It violates condition #1 as a local complete block.
Definition of a local complete block:
1) All block vars are data parallel
2) Local Dominant: the block is the only writer of its output, dominating the reader of its output buffers under a given subtree
3) No overlap between the buffers the block reads and writes
It violates condition #2 as a local reduction block.
Definition of a reduction block:
1) The block has the `init` statement
2) All the block bindings are quasi-affine expressions
3) All block vars are either data parallel block vars or reduction block vars
4) Local Dominant: the block is the only writer of its output, dominating the reader of its output buffers under a given subtree
5) The reduction block vars are not used to index the output buffers

Please let me know further steps to rectify this error.

Environment

junrushao commented 10 months ago

@vinx13 is working on a fix

junrushao commented 10 months ago

Just wanted to follow up with you, @vinx13, is this issue fixed already?
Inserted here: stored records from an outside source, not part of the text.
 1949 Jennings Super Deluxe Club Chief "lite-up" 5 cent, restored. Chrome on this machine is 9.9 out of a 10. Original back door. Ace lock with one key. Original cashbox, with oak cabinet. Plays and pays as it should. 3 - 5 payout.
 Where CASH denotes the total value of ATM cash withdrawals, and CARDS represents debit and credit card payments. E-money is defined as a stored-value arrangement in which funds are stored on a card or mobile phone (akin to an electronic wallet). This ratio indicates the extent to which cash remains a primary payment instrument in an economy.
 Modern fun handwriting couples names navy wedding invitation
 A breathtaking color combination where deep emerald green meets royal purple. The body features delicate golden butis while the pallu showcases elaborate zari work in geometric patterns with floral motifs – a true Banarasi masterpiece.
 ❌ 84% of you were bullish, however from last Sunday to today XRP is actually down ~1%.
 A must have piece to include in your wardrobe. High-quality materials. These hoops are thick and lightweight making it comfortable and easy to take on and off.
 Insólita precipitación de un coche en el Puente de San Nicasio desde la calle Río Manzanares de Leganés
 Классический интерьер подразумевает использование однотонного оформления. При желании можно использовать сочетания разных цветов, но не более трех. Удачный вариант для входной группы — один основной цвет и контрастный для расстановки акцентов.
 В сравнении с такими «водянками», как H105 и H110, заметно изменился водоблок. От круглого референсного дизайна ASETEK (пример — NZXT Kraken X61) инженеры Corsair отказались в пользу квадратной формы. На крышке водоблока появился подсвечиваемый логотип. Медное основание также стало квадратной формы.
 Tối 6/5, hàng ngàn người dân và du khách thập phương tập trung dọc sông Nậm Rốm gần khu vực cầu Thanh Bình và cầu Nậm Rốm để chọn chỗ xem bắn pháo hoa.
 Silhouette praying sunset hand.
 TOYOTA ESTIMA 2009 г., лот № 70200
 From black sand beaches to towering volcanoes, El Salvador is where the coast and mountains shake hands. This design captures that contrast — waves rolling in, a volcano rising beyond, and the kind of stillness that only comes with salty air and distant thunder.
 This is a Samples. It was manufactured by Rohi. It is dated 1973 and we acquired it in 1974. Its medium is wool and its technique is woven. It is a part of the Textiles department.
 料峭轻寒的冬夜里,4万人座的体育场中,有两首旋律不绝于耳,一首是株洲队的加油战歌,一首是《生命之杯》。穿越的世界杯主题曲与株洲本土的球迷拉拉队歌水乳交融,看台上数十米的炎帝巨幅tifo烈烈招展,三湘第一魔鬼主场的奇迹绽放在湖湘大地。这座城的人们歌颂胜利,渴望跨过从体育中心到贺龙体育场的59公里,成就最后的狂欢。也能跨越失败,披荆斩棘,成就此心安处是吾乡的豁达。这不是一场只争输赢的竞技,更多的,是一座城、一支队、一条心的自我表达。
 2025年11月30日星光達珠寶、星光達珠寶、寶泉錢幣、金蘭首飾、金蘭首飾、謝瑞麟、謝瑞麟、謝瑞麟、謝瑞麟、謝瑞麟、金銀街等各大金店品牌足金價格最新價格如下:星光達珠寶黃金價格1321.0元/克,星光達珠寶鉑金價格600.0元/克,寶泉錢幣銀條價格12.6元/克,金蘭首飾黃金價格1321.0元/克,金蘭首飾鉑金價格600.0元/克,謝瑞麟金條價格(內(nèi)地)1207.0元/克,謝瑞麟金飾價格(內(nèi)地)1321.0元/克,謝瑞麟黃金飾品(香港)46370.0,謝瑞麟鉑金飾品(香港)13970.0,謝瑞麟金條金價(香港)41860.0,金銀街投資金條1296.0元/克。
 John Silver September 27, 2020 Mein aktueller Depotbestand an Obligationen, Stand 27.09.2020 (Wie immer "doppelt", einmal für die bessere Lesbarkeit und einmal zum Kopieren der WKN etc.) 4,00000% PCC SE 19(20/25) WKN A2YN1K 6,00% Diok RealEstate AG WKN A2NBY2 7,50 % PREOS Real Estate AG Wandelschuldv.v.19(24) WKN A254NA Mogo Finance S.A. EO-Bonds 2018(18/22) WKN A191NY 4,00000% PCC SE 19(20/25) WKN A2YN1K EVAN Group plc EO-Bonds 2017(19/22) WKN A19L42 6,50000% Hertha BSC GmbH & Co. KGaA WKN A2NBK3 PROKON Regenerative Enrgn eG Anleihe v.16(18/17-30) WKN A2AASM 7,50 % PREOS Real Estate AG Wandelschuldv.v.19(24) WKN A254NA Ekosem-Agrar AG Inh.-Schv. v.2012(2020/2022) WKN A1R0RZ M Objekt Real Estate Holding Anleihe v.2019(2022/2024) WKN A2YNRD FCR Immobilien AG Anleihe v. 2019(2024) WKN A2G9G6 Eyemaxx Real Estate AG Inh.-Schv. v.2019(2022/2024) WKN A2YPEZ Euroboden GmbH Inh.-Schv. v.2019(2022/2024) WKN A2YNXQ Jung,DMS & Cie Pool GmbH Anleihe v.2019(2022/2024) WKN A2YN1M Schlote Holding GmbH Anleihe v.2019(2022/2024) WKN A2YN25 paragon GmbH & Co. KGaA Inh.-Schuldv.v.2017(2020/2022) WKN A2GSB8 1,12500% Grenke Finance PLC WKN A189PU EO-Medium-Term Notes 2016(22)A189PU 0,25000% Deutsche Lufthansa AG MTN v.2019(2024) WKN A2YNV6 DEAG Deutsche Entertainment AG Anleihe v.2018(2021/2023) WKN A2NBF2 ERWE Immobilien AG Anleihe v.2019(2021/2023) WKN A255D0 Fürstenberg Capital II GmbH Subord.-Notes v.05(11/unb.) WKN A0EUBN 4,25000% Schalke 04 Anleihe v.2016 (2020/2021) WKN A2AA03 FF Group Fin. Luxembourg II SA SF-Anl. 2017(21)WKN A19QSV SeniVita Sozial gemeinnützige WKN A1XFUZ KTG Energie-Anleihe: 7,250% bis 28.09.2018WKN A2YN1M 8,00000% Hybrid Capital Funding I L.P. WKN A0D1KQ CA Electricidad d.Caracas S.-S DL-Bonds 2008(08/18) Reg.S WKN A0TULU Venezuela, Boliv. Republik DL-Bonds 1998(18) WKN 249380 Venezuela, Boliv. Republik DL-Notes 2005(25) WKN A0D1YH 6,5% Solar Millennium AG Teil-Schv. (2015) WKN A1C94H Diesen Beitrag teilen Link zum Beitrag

vinx13 commented 10 months ago

I'm working on a fix, we need to update dlight rules to choose appropriate tile size

MasterJH5574 commented 9 months ago

Hi @aadarsh-ram, we suppose the issue has been already fixed. Would you like to checkout the latest TVM Unity and try again? You are welcome to reopen the issue if there are further problems.

aadarsh-ram commented 9 months ago

@MasterJH5574 I'll try the compilation process again and let you know. Thank you!

aadarsh-ram commented 9 months ago

Hey @MasterJH5574, I'm getting the following error. I built TVM-Unity as per the instructions here.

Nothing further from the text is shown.